Even if the dead unroutable redis node is selected, shouldn't it recover the cluster state and remove the dead node from it's list? Instead what we see is all 16 TTL attempts select the exact same node and finally we see a TTL Exhausted
error.
[2021-10-01 13:35:36 DEBUG rediscluster.client TaInZR2tRRDy_Bi3hLmSbw..] - TTL loop : 15
[2021-10-01 13:35:36 DEBUG rediscluster.client TaInZR2tRRDy_Bi3hLmSbw..] - Determined node to execute : {'host': '10.244.7.123', 'port': 6379, 'name': '10.244.7.123:6379', 'server_type': 'master'}
[2021-10-01 13:35:39 ERROR rediscluster.client TaInZR2tRRDy_Bi3hLmSbw..] - ConnectionError
Traceback (most recent call last):
File "/usr/local/lib/python3.7/site-packages/redis/connection.py", line 559, in connect
sock = self._connect()
File "/usr/local/lib/python3.7/site-packages/redis/connection.py", line 615, in _connect
raise err
File "/usr/local/lib/python3.7/site-packages/redis/connection.py", line 603, in _connect
sock.connect(socket_address)
OSError: [Errno 113] No route to host
During handling of the above exception, another exception occurred:
Traceback (most recent call last):
File "/usr/local/lib/python3.7/site-packages/rediscluster/client.py", line 630, in _execute_command
connection.send_command(*args)
File "/usr/local/lib/python3.7/site-packages/redis/connection.py", line 726, in send_command
check_health=kwargs.get('check_health', True))
File "/usr/local/lib/python3.7/site-packages/redis/connection.py", line 698, in send_packed_command
self.connect()
File "/usr/local/lib/python3.7/site-packages/redis/connection.py", line 563, in connect
raise ConnectionError(self._error_message(e))
redis.exceptions.ConnectionError: Error 113 connecting to 10.244.7.123:6379. No route to host.

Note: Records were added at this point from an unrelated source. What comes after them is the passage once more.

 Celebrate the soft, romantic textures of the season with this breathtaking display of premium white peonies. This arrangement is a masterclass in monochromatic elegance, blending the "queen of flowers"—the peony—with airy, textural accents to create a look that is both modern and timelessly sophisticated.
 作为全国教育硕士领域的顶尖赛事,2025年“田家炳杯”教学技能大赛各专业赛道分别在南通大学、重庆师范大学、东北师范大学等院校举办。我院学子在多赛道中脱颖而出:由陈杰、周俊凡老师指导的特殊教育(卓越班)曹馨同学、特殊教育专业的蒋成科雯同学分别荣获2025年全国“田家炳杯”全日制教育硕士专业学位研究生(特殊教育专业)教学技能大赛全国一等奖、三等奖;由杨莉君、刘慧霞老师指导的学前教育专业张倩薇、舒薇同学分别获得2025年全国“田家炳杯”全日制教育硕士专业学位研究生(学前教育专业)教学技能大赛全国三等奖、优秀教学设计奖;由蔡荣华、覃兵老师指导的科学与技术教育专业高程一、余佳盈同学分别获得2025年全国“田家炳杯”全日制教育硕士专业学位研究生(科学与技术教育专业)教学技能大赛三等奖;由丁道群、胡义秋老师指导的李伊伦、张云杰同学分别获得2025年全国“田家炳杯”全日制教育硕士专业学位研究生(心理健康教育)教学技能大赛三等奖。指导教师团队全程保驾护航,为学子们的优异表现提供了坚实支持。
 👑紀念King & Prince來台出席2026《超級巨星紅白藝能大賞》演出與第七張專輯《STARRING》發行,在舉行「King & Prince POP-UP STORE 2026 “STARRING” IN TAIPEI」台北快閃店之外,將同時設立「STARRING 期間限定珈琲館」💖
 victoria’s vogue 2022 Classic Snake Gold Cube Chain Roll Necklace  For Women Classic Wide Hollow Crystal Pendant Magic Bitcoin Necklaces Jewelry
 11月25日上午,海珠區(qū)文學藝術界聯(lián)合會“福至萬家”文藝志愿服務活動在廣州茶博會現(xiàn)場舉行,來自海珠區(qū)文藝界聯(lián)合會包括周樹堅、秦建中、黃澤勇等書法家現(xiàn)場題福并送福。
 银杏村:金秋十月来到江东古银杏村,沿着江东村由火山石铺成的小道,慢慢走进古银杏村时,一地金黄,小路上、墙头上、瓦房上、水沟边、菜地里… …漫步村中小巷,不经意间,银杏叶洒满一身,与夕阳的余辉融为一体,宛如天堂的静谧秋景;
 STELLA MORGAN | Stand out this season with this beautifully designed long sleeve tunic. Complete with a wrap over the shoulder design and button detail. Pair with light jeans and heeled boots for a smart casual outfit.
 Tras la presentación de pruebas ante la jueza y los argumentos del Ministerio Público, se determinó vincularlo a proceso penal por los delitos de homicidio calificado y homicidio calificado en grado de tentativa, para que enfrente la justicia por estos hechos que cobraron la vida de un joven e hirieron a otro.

[2021-10-01 13:35:36 DEBUG rediscluster.client TaInZR2tRRDy_Bi3hLmSbw..] - TTL loop : 3
[2021-10-01 13:35:36 DEBUG rediscluster.client TaInZR2tRRDy_Bi3hLmSbw..] - Determined node to execute : {'host': '10.244.7.123', 'port': 6379, 'name': '10.244.7.123:6379', 'server_type': 'master'}
[2021-10-01 13:35:39 ERROR rediscluster.client TaInZR2tRRDy_Bi3hLmSbw..] - ConnectionError
Traceback (most recent call last):
File "/usr/local/lib/python3.7/site-packages/redis/connection.py", line 559, in connect
sock = self._connect()
File "/usr/local/lib/python3.7/site-packages/redis/connection.py", line 615, in _connect
raise err
File "/usr/local/lib/python3.7/site-packages/redis/connection.py", line 603, in _connect
sock.connect(socket_address)
OSError: [Errno 113] No route to host
Why does the client select the dead 10.244.7.123:6379
node every time instead of trying another live random node and then fetching the new cluster state?

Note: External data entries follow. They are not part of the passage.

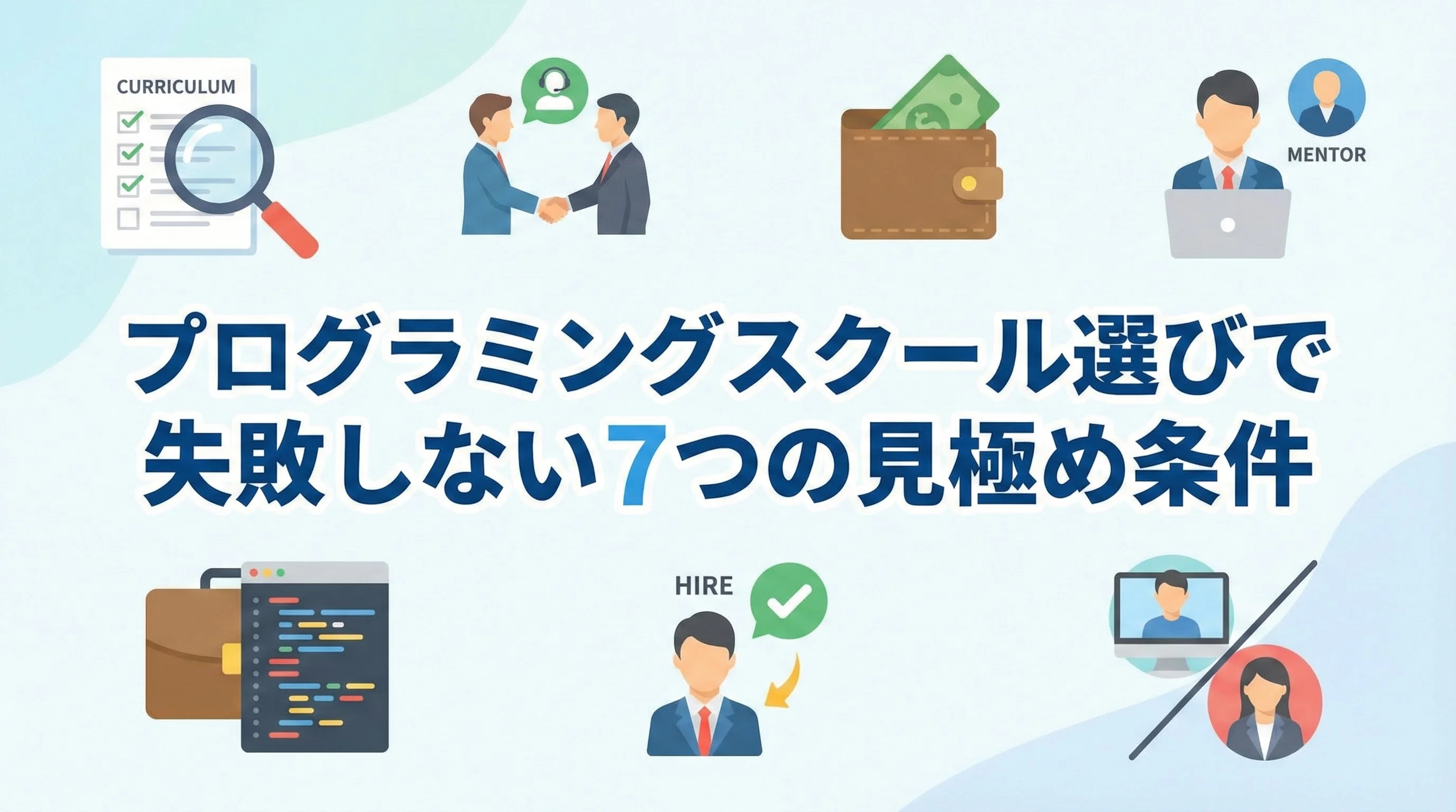 プログラミングスクール選びで失敗しないためには、派手なキャッチコピーや料金だけで判断せず、自分のゴールとスクールの「出口」の一致を起点に、次の7つの条件を冷静に見極めることが重要です。
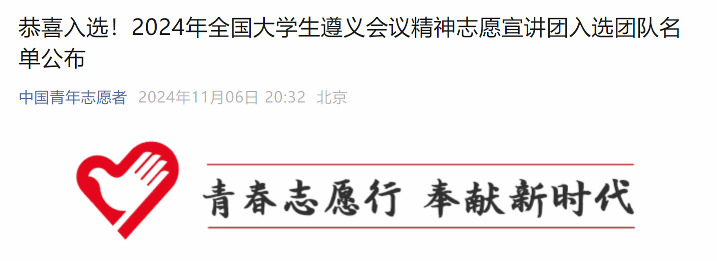 为深入学习宣传贯彻习近平新时代中国特色社会主义思想和党的二十届三中全会精神,深入贯彻落实习近平总书记提出的“传承红色基因、讲好遵义故事”的重要要求,落实“强国复兴有我”群众性主题宣传教育活动相关要求,引导青年员工弘扬遵义会议精神,赓续红色血脉,团中央青年志愿者行动指导中心联合有关单位,面向全国高校遴选相关老员工志愿宣讲团队,15vip太阳集团彩虹“1+N”书信志愿宣讲团成功入选。
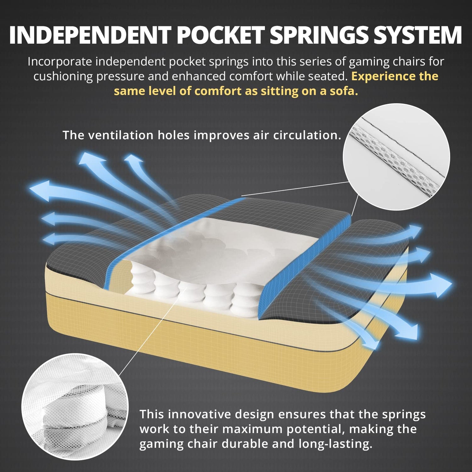- 【ORIGINAL POCKETED SPRINGS CUSHION】We have incorporated independently pocketed springs commonly found in mattresses into our gaming chair. These springs distribute body weight evenly and provide the appropriate level of support, effectively relieving pressure on the lower back. Additionally, the design features air holes which increase the load capacity of the spring system while also minimizing noise.
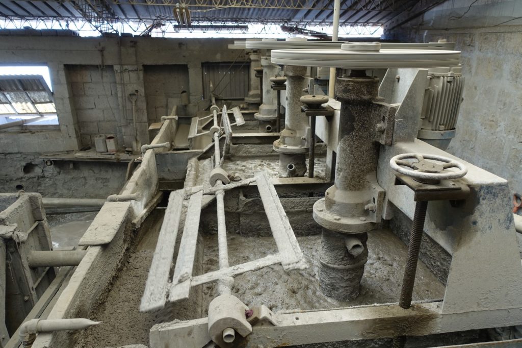 Puis nous nous rendons à la raffinerie. Elle est actuellement à l’arrêt, comme beaucoup à Potosí car le cours de l’argent est tellement bas qu’il n’est pas rentable de la faire tourner. Mais nous voyons tout de même les différentes étapes. C’est un des employés qui nous fait la visite. Ils concassent les pierres ramenées par camion. Puis en font de la poudre. Ils séparent ensuite les différents minerais (argent, plomb, zinc) à l’aide de composants chimiques et d’écrémeuses. L’employé remet les machines en route pour nous montrer le processus, top. Puis, pour finir, ils font sécher le tout pour récupérer les métaux.
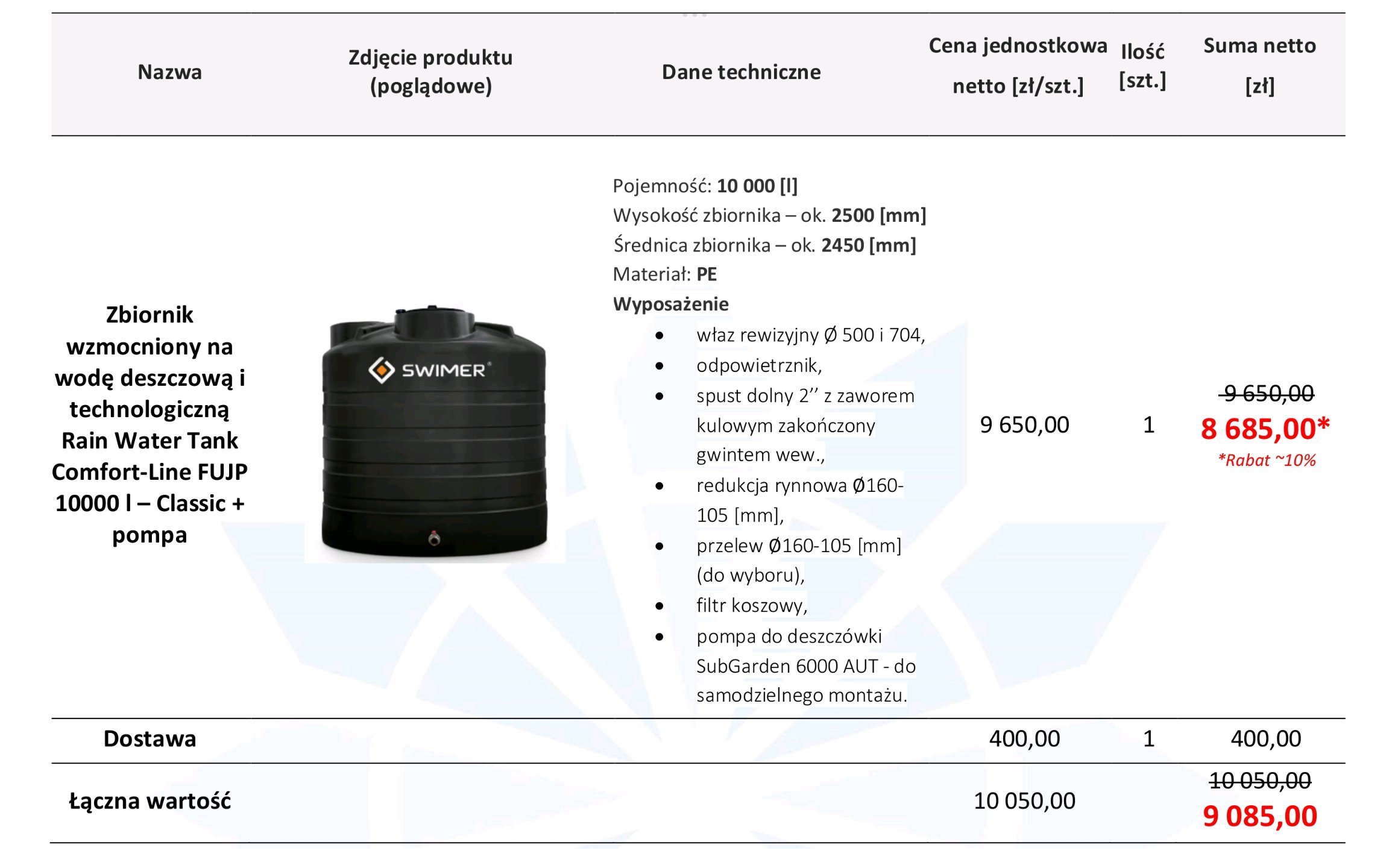 Swimer 10m3 5830 netto, mam taką ofertę

Even if the dead unroutable redis node is selected, shouldn't it recover the cluster state and remove the dead node from it's list? Instead what we see is all 16 TTL attempts select the exact same node and finally we see a
TTL Exhausted
error.
I am guessing here but the issue is probably that your redis-cluster is not booting out the node that you want because this client is coded so that it will only use what the redis server says is the current cluster state, if your node is not booted out it will remain even if the node is not reachable, that is just the reference logic a client should implement.
You probably can verify this by both checking what cluster info, cluster slots & cluster nodes is returning out when a node drops and try to monitor the master nodes how long it takes for the cluster consensus to reach a new consensus that eventually will propagate to all clients.
Also note that if you check the client code in the ConnectionError section here https://github.com/Grokzen/redis-py-cluster/blob/master/rediscluster/client.py#L647 you will see down here https://github.com/Grokzen/redis-py-cluster/blob/master/rediscluster/client.py#L660 that the code shuold attempt a full node table refresh after 5 connection errors and do a full reinitialize of the cluster state and then it circles back to the initial point that your cluster has not reached a new cluster consensus and that is the root cause of your issue.
Thank you so much for your analysis. Apologies for opening an unnecessary issue.
This seems to be a cluster problem rather than the client issue.